# [What to work on]
Exclude the pictures, then quote exactly the lines from the one holding "Climatizador de Ar" through the last line of the records.

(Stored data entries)
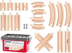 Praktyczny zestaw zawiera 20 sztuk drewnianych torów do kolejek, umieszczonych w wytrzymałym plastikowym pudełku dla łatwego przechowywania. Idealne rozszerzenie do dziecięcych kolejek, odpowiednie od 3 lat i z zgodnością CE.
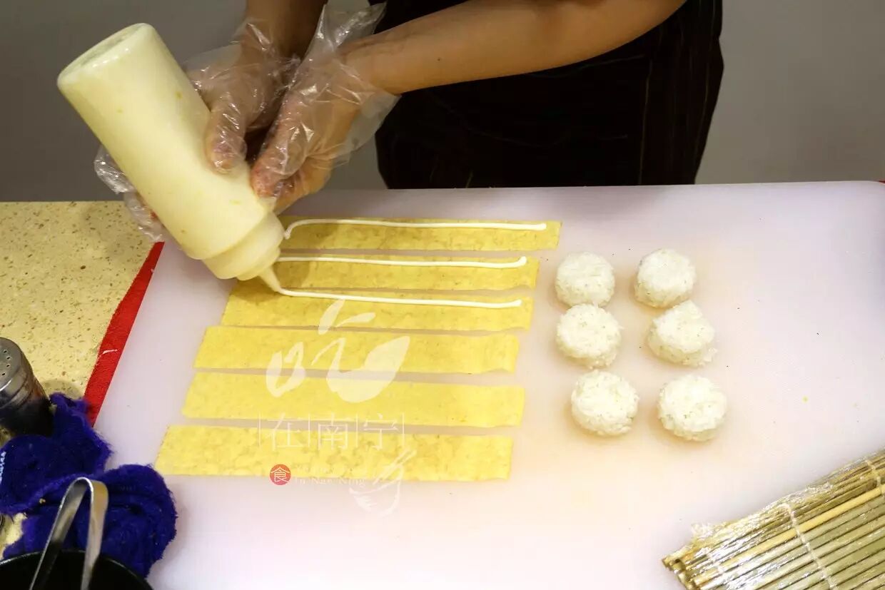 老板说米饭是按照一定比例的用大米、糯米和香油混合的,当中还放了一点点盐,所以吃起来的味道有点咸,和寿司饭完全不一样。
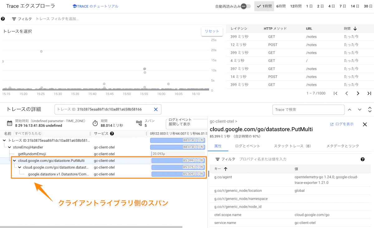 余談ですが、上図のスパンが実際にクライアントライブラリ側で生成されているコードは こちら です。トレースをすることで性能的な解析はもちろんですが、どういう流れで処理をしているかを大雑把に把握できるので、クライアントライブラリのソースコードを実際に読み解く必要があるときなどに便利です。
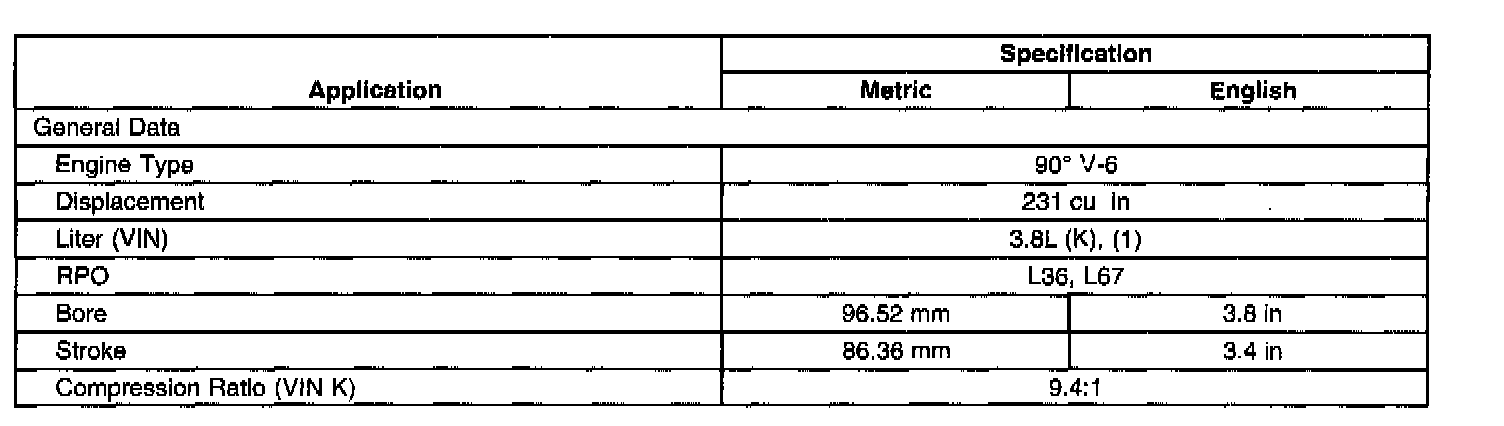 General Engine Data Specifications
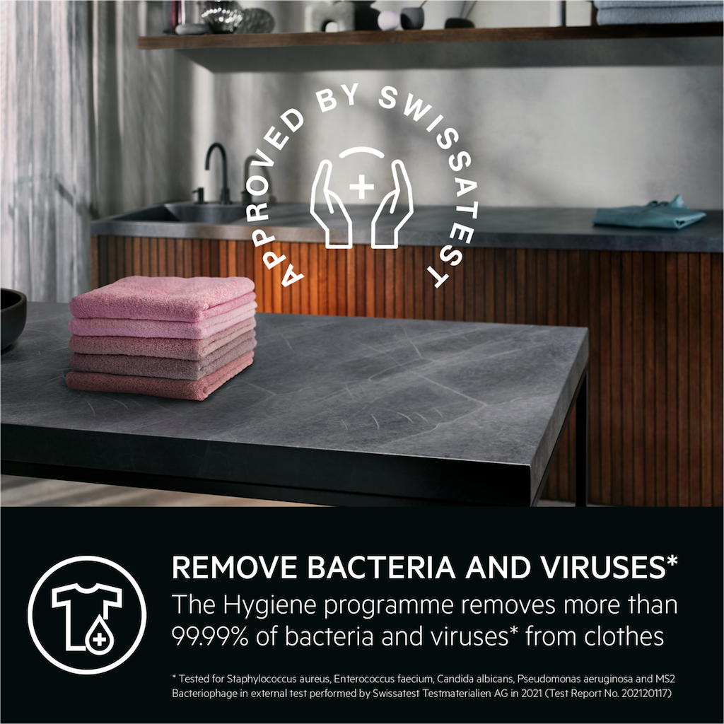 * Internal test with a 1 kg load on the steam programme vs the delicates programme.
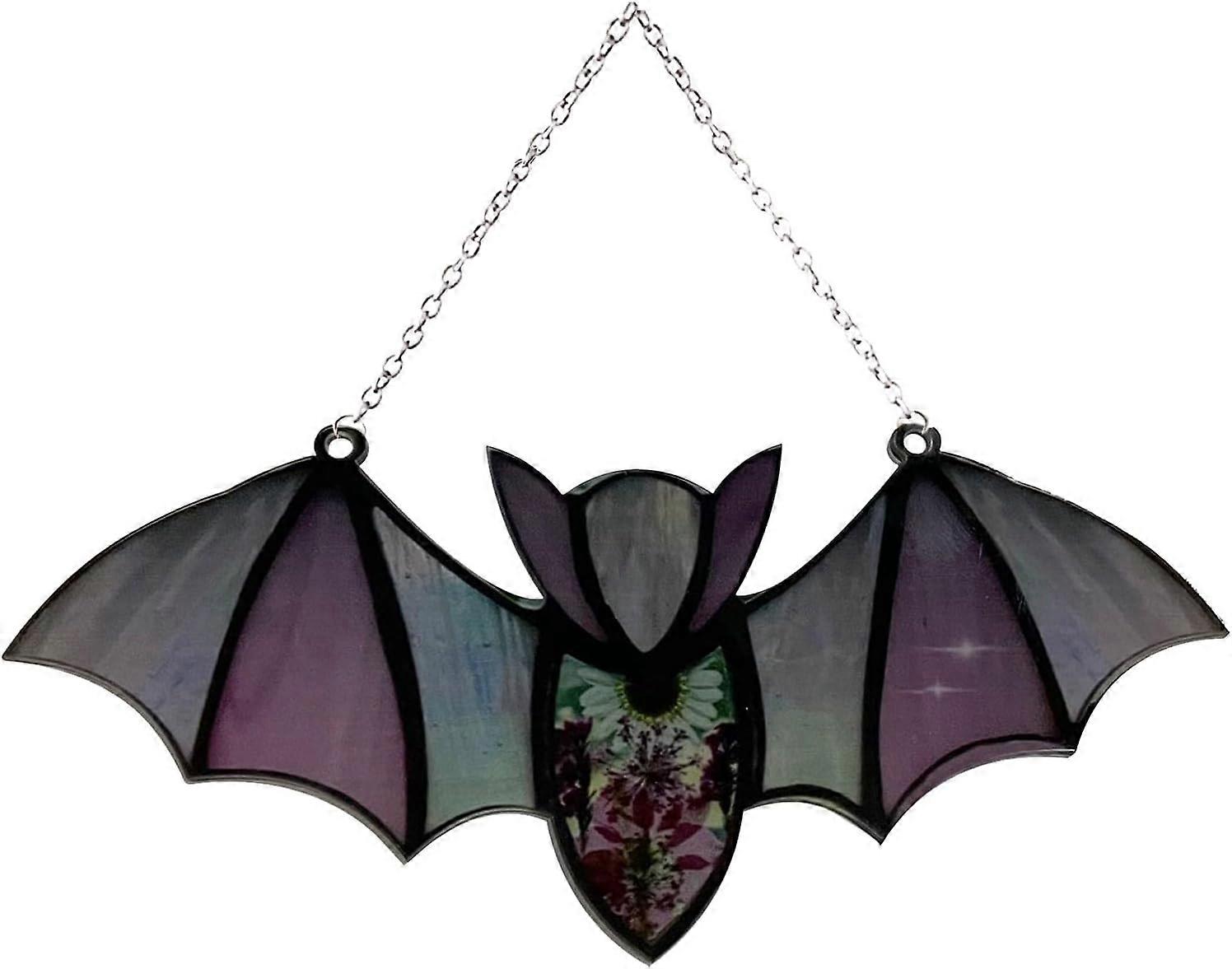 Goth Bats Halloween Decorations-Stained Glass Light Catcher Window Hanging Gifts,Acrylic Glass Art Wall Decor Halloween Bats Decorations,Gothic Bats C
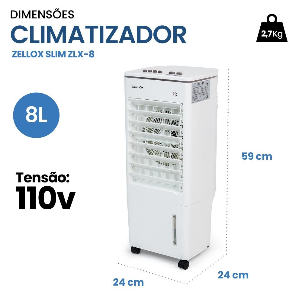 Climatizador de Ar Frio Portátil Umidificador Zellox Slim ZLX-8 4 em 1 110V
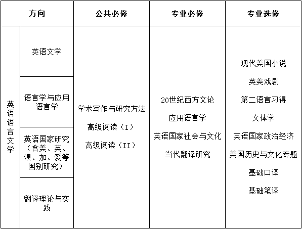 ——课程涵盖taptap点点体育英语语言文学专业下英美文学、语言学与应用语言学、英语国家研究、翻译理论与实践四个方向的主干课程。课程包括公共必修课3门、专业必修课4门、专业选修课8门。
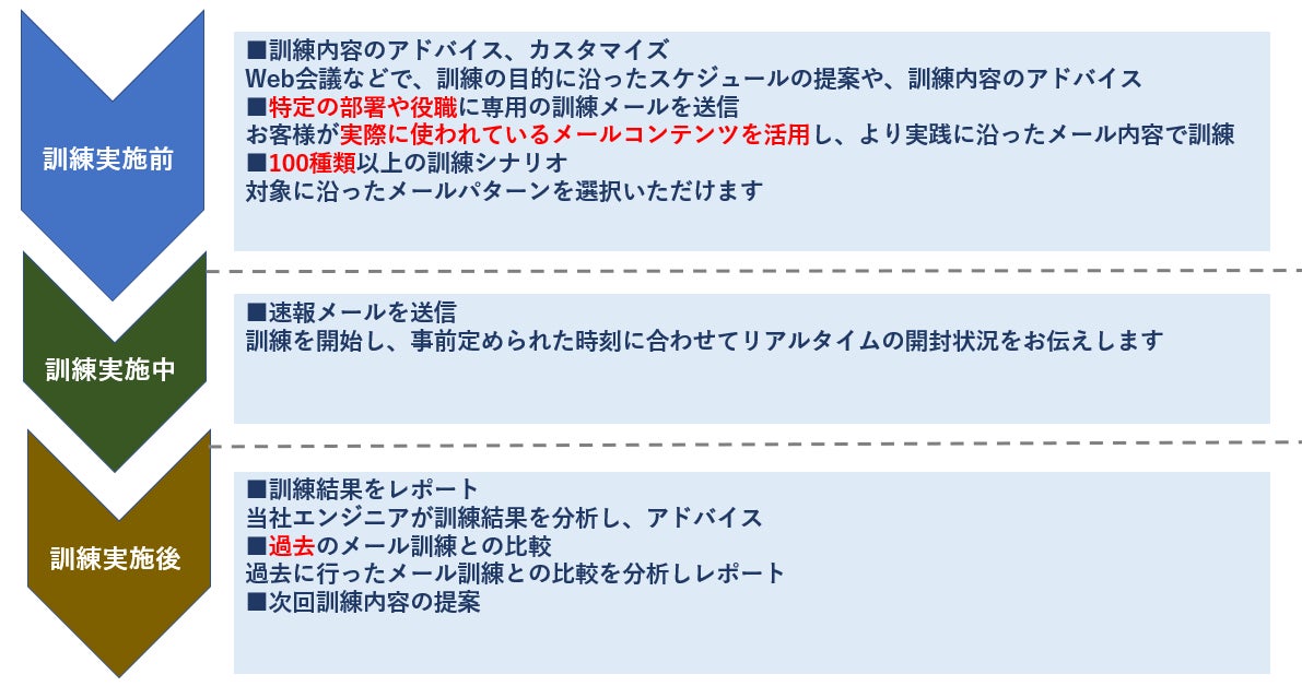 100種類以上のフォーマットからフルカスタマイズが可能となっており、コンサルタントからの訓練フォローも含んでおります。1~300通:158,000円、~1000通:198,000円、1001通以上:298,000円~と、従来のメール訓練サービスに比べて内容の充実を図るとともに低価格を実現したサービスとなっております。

# [Output for this task]
 Climatizador de Ar Frio Portátil Umidificador Zellox Slim ZLX-8 4 em 1 110V
 ——课程涵盖taptap点点体育英语语言文学专业下英美文学、语言学与应用语言学、英语国家研究、翻译理论与实践四个方向的主干课程。课程包括公共必修课3门、专业必修课4门、专业选修课8门。
 100種類以上のフォーマットからフルカスタマイズが可能となっており、コンサルタントからの訓練フォローも含んでおります。1~300通:158,000円、~1000通:198,000円、1001通以上:298,000円~と、従来のメール訓練サービスに比べて内容の充実を図るとともに低価格を実現したサービスとなっております。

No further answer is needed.